= Delivery reliability =

Measure of completeness and timeliness of delivery

Delivery reliability is concerned with the completeness and timeliness of delivery of goods which have been ordered. It is one of the five attributes in supply-chain management according to SCOR-model, developed by the management consulting firm PRTM, now part of PricewaterhouseCoopers LLP, (PwC) and endorsed by the Supply-Chain Council (SCC) as the cross-industry de facto standard diagnostic tool for supply chain management, SCOR measures the supplier’s ability to predictably complete processes as promised. It is measured by perfect order fulfillment and demonstrates the degree to which a supplier is able to serve its customers within the promised delivery time. Companies can apply the concept to the delivery of their incoming materials orders and their delivery of products to customers.

Following the nomenclature of the DR-DP-Matrix, three main approaches to measure DR can be distinguished:
- $DR_{T}^{V}$ (equivalent to confirmed line item performance, or CLIP)
- $DR_{D}^{S}$
- $DR_{T}^{S}$

Type of measurement: volume (V)/singular(S)
Type of view: on time (T)/ delivery (D)

==Volume/on time==
This measure is equivalent to confirmed line item performance (CLIP).
===Formula===
If ($Demand_{p,c} + Backlog_{p-1,c}>0$)
$DR_{T}^{V}$ = $min(\frac{Delivered_{p,c} + Predelivery_{p-1,c}}{Demand_{p,c} + Backlog_{p-1,c}}, 1)$

Note: In the case where a supplier notifies the appropriate partner in the supply chain that a promised delivery date/quantity cannot be met, which is called delivery early warning (DEW), the sum of DEWs issued to reduce the commit for a certain week is added in the denominator.

Else
NULL

Demand: Suppliers confirmed quantity; c: Product identifier;p: Time period e.g. a day, a week, a month ...

The cumulation over a period and a group of product identifiers c is done as follows:
$DR_{p,c} = \frac{\sum_{p,c}(DR_{T}^{V})}{count_{p,c}(DR_{T}^{V}<>NULL)}$

whereas p is determined by demand period.

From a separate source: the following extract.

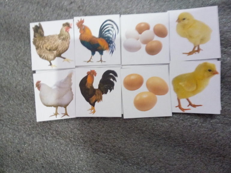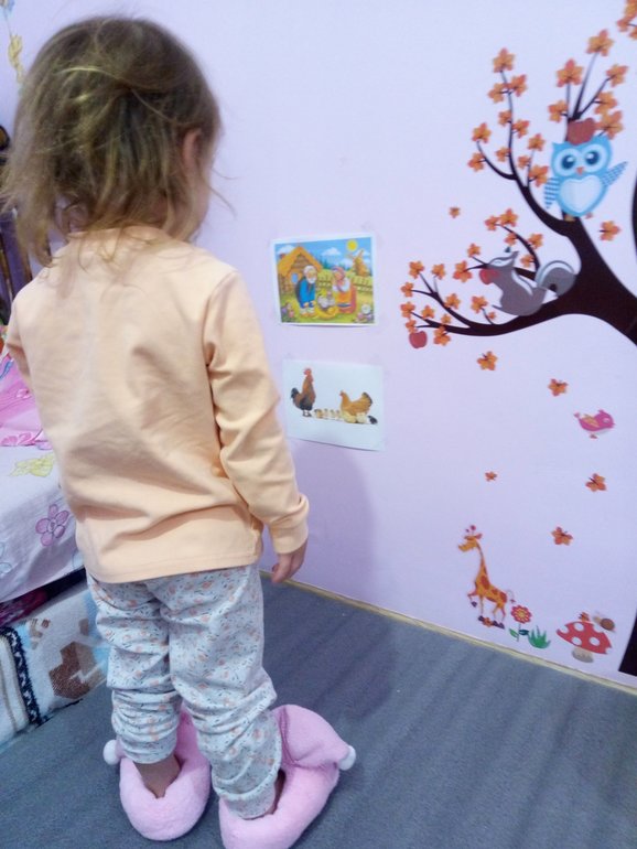 Итак, с вечера я прикрепила на стену возле кровати дочки картинку из сказки Курочка Ряба и изображение "куриного" семейства). Утром как только дочка проснулась мы пошли рассматривать картинки. Дочка рассказала кто там изображён, ответила на вопросы о том, как говорят эти птицы, что едят и какую пользу приносят людям.
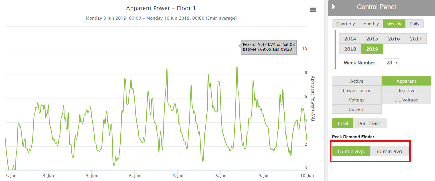 The peak demand finder tool will display kW/kVA values as well as the date and time window that peak demand was at its highest.

==Singular/delivery and singular/on Time==
===Singular case definition===
To fit to the needs of the environment, the granularity of a singular case ($DR_{*}^{S}$) has to be defined. In general a singular case is described by an n-Tuple consisting of a set of the following order and delivery details:
- order number
- customer identifier
- product identifier
- wish date of customer (the date when the customer wants the material to be in their facilities)
- confirmed date of supplier
- ship to information
- delivery date
- delivery note number

===Formula===

1) $DR_{D}^{S}$
After a singular case has been delivered to the customer its DR is measured as follows:
If (wish date <= arrival date <= confirmed date of supplier) then
 DR_{singular case}=1
else
 DR_{singular case}=0

arrival date = delivery date + transit time

By cumulating the results of singular cases over a certain period p and, if necessary, additional criteria c (e.g. customer, product, ...) the delivery reliability is calculated as follows:

$DR_{p,c} = \frac{\sum_{p,c}(DR)}{count_{p,c}(singular cases)}$

whereas p is determined by the arrival date.

2) $DR_{T}^{S}$
After a period has elapsed all singular cases with first confirmed date within period are considered and their DR is measured as follows:
If (wish date <= arrival date <= confirmed date of supplier) then
 DR_{singular case}=1
else
 DR_{singular case}=0

arrival date = delivery date + transit time

By cumulating the results of singular cases over a certain period p and, if necessary, additional criteria c (e.g. customer, product, ...) the delivery reliability is calculated as follows:

$DR_{p,c} = \frac{\sum_{p,c}(DR)}{count_{p,c}(singular cases)}$

whereas p is determined by the first confirmed date.